Isolation: The Most Threatening Condition

We all know that lifestyles can have a serious impact on a person’s health. If most of us had to guess, we would probably name smoking as the greatest health hazard, with excessive drinking and/or obesity coming in second.

We would be wrong.

Or at least we would be wrong if we talking about the elderly. A study published recently in the Archives of Internal Medicine drew conclusions about how environment affects the elderly. It found that indeed smoking and excessive eating and drinking didn’t help, but what most severely impacted health and resulted most often in death was neither of these lifestyle choices. What was the most threatening was loneliness.

The study covered 1,604 adults, age 60 and over. Loneliness was defined as a “sense of not having meaningful contact with others, accompanied by painful distress.” Some 43 percent of the group reported those feelings. About 30 percent of the 43 percent reported that loneliness was sometimes an issue and 13 percent stated that they were often lonely.

The study tracked the participants over six years and during that period the incidence of loneliness stayed fairly constant. What shifted dramatically were the health statistics. The self-reported lonely were almost twice as likely to report declining functional abilities and almost twice as likely to die.

Here at Midnight Sun Home Health Care we’re gratified that science is beginning to catch up with some of our own observations. In our experience, part of the reason for declining health might be purely practical. Isolated people are not as apt to eat regularly and nutritiously, to take their medications or to access help in a crisis.

But the study’s authors were pretty sure that lack of physical caretaking alone could not account for all of the functional decline and the mortality and this falls in line with our own observations, It seemed that the condition of being lonely, in and of itself, was a health hazard. One expert who has been studying the phenomenon is willing to speculate why.
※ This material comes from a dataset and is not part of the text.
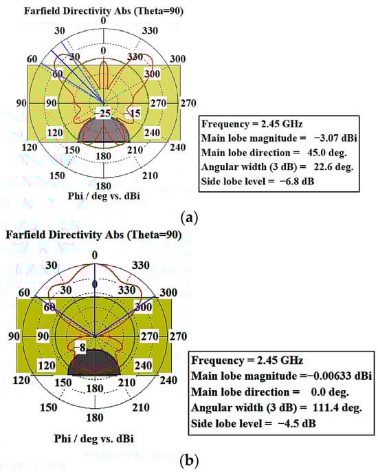 Radiation directional diagrams of microwave field, for angle Theta = 90°: (a) microwave radiation directivity in a grain layer having moisture content of 14%; (b) microwave radiation directivity in a grain layer having moisture content 26%.

“There is growing evidence that both loneliness and social isolation are related to biological processes that may increase health risk, including changes in immune and inflammatory processes, blood pressure and disruption of hormones,” he says.

He came to the conclusion that the condition of loneliness acts on and compounds the effect that stress has on the sufferer and exaggerates the way humans process it. This makes sense. Many of us have experienced older people who become less and less able to weather life’s ordinary stresses. If a ride is late, a grocery item is missing, if they misdial a number—those little adversities can provoke out-of proportion reactions. And if we dismiss this as a normal part of aging, we may be missing something important. It may be that it is loneliness that is working to cause minor incidents to have the impact of major ones.
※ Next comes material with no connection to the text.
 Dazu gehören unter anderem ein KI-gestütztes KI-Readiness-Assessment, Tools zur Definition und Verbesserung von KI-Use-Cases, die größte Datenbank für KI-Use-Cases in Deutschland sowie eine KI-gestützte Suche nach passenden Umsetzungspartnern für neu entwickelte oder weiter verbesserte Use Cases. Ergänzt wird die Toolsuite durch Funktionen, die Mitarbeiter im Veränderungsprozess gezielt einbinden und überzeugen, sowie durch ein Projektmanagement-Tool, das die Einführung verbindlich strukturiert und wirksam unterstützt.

Here in Alaska we need to be particularly conscious of the mental health of our elderly loved ones. Even for the most outgoing and adventurous among them, our long, dark winter months can enable a tendency to isolate.

The answer is not necessarily more comprehensive snow removal arrangements but more companionship. Because if the loneliness study’s authors are right, this tendency builds on itself. The more isolated our loved ones become, the more ominous to them looms the risk of an accident or a fall, which results in more loneliness which results in more fear.
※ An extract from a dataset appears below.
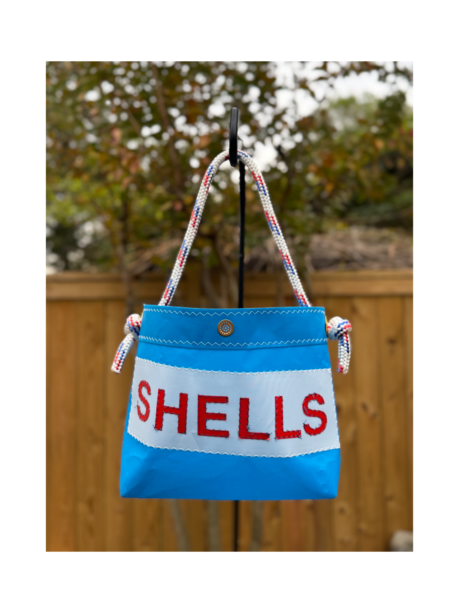 Take this cutie pie with you for a day of shell collecting at your favorite beach! Marine blue sailcloth with blue lettering and cute details in all American-Red, White and Blue.
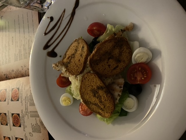 Состав: куриной филе гриль, листья салата, черри, яйцо куриное, пармезан, маслины, гренки, соус цезарь

At Midnight Sun Home Health Care we have seen how the physical and mental condition of our clients improves under steady care. Not only does our staff handle health-enhancing practical chores but we offer something that might be more valuable--a regular, steady dose of companionship. And almost always, as our clients grow to trust and depend on our company, they have seemed to become happier and healthier people.

These new studies indicate that’s no coincidence.